**Provided records**:

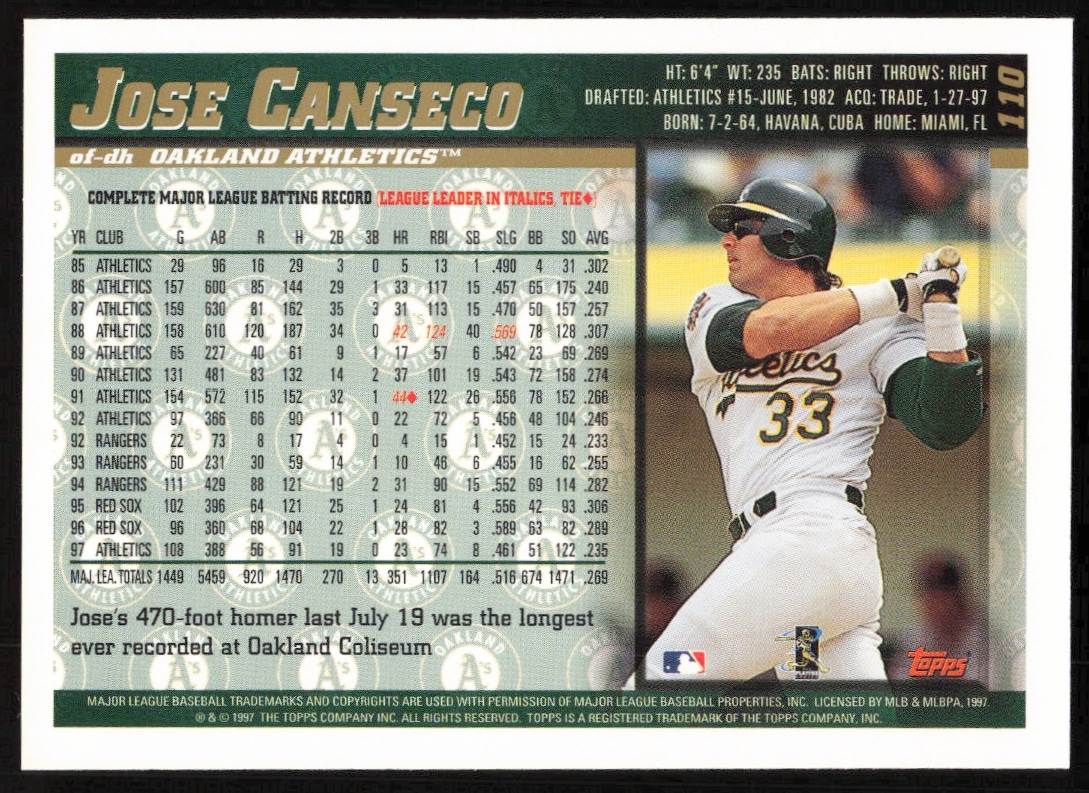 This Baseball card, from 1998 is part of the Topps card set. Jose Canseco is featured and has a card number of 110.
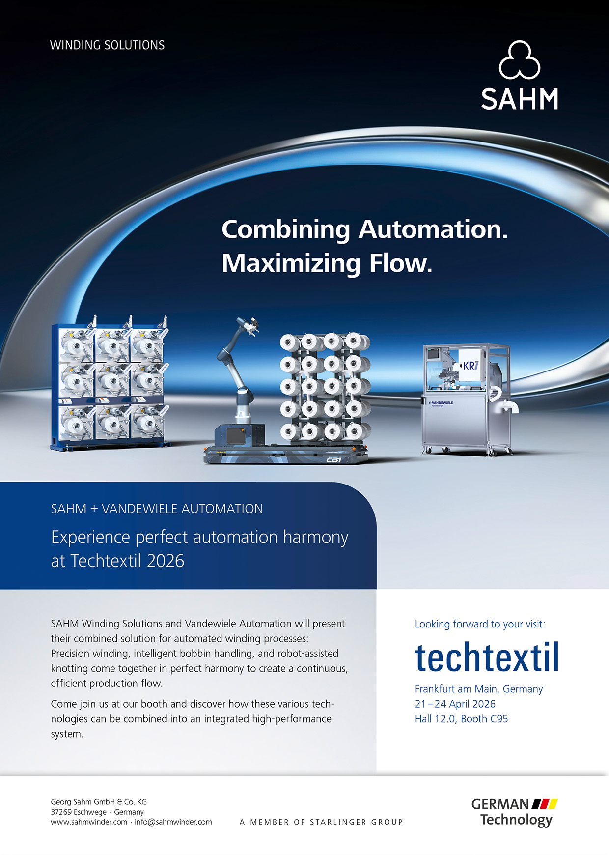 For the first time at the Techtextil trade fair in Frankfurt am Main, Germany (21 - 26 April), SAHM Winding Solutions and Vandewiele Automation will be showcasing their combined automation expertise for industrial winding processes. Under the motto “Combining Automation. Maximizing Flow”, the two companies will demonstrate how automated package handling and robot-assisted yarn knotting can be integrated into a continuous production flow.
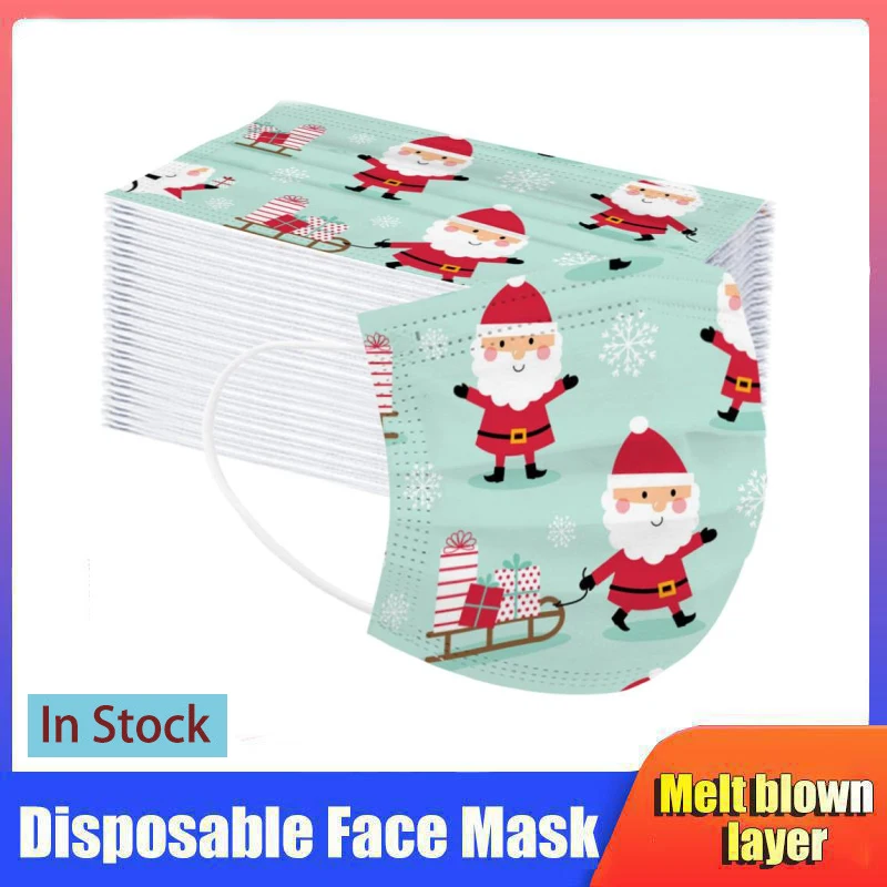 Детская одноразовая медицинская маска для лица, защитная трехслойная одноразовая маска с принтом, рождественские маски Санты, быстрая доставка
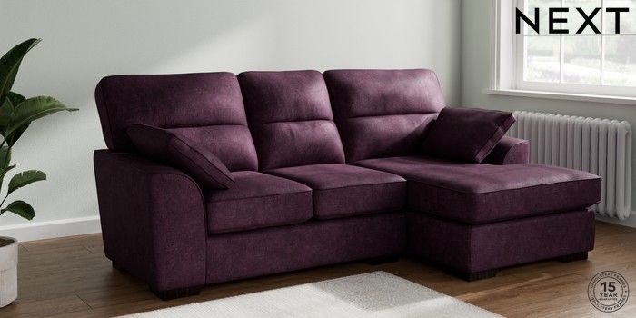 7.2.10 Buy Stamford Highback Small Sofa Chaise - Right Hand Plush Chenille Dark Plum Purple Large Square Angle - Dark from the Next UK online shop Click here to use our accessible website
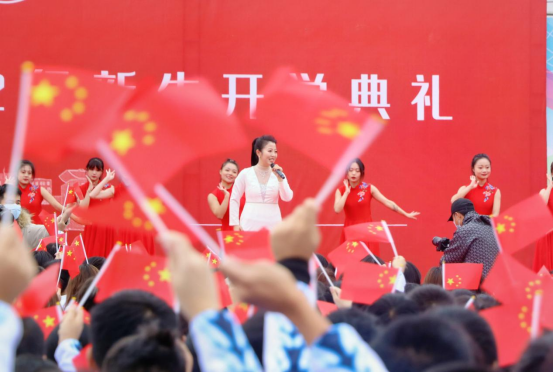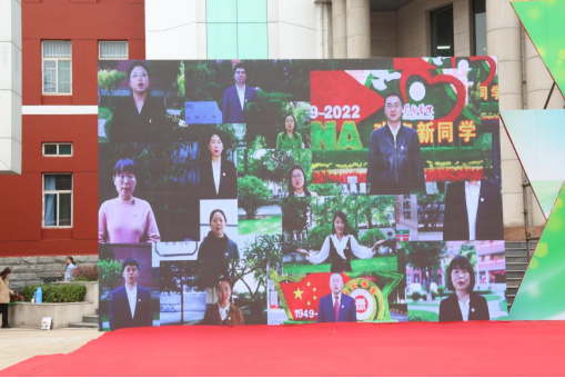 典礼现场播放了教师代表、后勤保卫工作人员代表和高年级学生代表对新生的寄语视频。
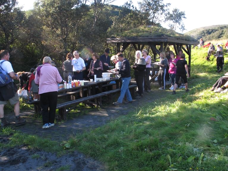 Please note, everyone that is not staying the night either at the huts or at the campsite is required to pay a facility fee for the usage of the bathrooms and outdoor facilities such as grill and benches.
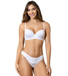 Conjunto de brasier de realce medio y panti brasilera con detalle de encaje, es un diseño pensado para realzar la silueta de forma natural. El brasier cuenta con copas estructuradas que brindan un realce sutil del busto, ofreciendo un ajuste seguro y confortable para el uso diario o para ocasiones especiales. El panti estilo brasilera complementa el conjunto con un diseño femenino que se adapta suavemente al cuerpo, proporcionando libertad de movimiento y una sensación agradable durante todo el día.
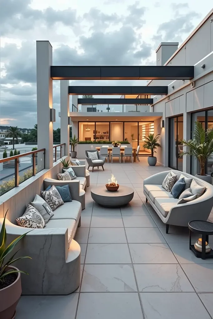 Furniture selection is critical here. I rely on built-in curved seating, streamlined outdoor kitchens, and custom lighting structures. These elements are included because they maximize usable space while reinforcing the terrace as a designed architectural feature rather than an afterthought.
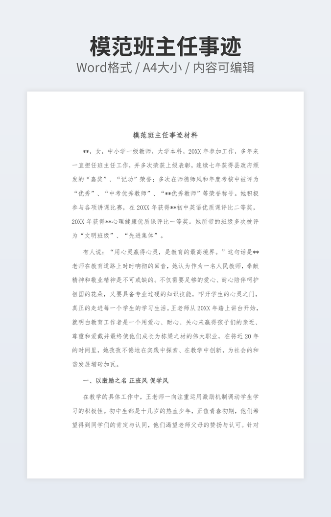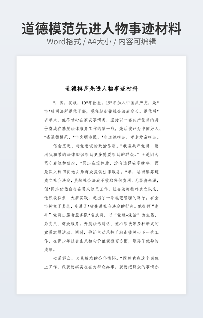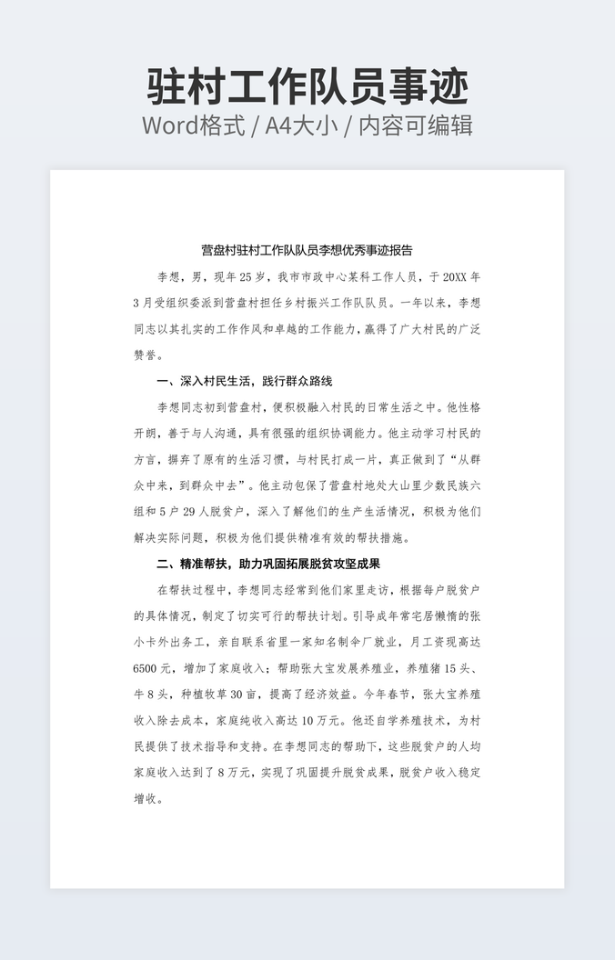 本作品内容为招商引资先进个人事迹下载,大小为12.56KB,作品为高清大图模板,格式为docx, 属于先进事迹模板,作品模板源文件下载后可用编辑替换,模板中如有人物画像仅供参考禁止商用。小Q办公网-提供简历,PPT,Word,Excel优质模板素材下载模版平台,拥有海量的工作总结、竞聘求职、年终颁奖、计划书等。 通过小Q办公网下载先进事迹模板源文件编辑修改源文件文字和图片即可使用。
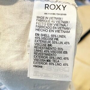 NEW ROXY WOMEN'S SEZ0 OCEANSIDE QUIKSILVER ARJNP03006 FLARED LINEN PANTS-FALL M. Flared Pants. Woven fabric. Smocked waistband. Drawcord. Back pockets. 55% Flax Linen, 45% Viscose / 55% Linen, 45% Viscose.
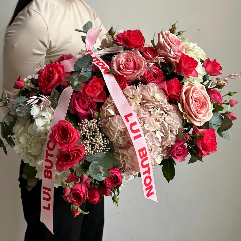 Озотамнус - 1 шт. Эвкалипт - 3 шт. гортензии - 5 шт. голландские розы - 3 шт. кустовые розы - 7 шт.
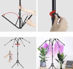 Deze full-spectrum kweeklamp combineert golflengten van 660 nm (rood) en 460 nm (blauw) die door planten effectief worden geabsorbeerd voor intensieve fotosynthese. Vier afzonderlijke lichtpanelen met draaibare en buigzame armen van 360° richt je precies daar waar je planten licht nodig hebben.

**What you will do**:
Repeat the listing word for word. Leave images out.

**Task solution**:
 This Baseball card, from 1998 is part of the Topps card set. Jose Canseco is featured and has a card number of 110.
 For the first time at the Techtextil trade fair in Frankfurt am Main, Germany (21 - 26 April), SAHM Winding Solutions and Vandewiele Automation will be showcasing their combined automation expertise for industrial winding processes. Under the motto “Combining Automation. Maximizing Flow”, the two companies will demonstrate how automated package handling and robot-assisted yarn knotting can be integrated into a continuous production flow.
 Детская одноразовая медицинская маска для лица, защитная трехслойная одноразовая маска с принтом, рождественские маски Санты, быстрая доставка
 7.2.10 Buy Stamford Highback Small Sofa Chaise - Right Hand Plush Chenille Dark Plum Purple Large Square Angle - Dark from the Next UK online shop Click here to use our accessible website
 典礼现场播放了教师代表、后勤保卫工作人员代表和高年级学生代表对新生的寄语视频。
 Please note, everyone that is not staying the night either at the huts or at the campsite is required to pay a facility fee for the usage of the bathrooms and outdoor facilities such as grill and benches.
 Conjunto de brasier de realce medio y panti brasilera con detalle de encaje, es un diseño pensado para realzar la silueta de forma natural. El brasier cuenta con copas estructuradas que brindan un realce sutil del busto, ofreciendo un ajuste seguro y confortable para el uso diario o para ocasiones especiales. El panti estilo brasilera complementa el conjunto con un diseño femenino que se adapta suavemente al cuerpo, proporcionando libertad de movimiento y una sensación agradable durante todo el día.
 Furniture selection is critical here. I rely on built-in curved seating, streamlined outdoor kitchens, and custom lighting structures. These elements are included because they maximize usable space while reinforcing the terrace as a designed architectural feature rather than an afterthought.
 本作品内容为招商引资先进个人事迹下载,大小为12.56KB,作品为高清大图模板,格式为docx, 属于先进事迹模板,作品模板源文件下载后可用编辑替换,模板中如有人物画像仅供参考禁止商用。小Q办公网-提供简历,PPT,Word,Excel优质模板素材下载模版平台,拥有海量的工作总结、竞聘求职、年终颁奖、计划书等。 通过小Q办公网下载先进事迹模板源文件编辑修改源文件文字和图片即可使用。
 NEW ROXY WOMEN'S SEZ0 OCEANSIDE QUIKSILVER ARJNP03006 FLARED LINEN PANTS-FALL M. Flared Pants. Woven fabric. Smocked waistband. Drawcord. Back pockets. 55% Flax Linen, 45% Viscose / 55% Linen, 45% Viscose.
 Озотамнус - 1 шт. Эвкалипт - 3 шт. гортензии - 5 шт. голландские розы - 3 шт. кустовые розы - 7 шт.
 Deze full-spectrum kweeklamp combineert golflengten van 660 nm (rood) en 460 nm (blauw) die door planten effectief worden geabsorbeerd voor intensieve fotosynthese. Vier afzonderlijke lichtpanelen met draaibare en buigzame armen van 360° richt je precies daar waar je planten licht nodig hebben.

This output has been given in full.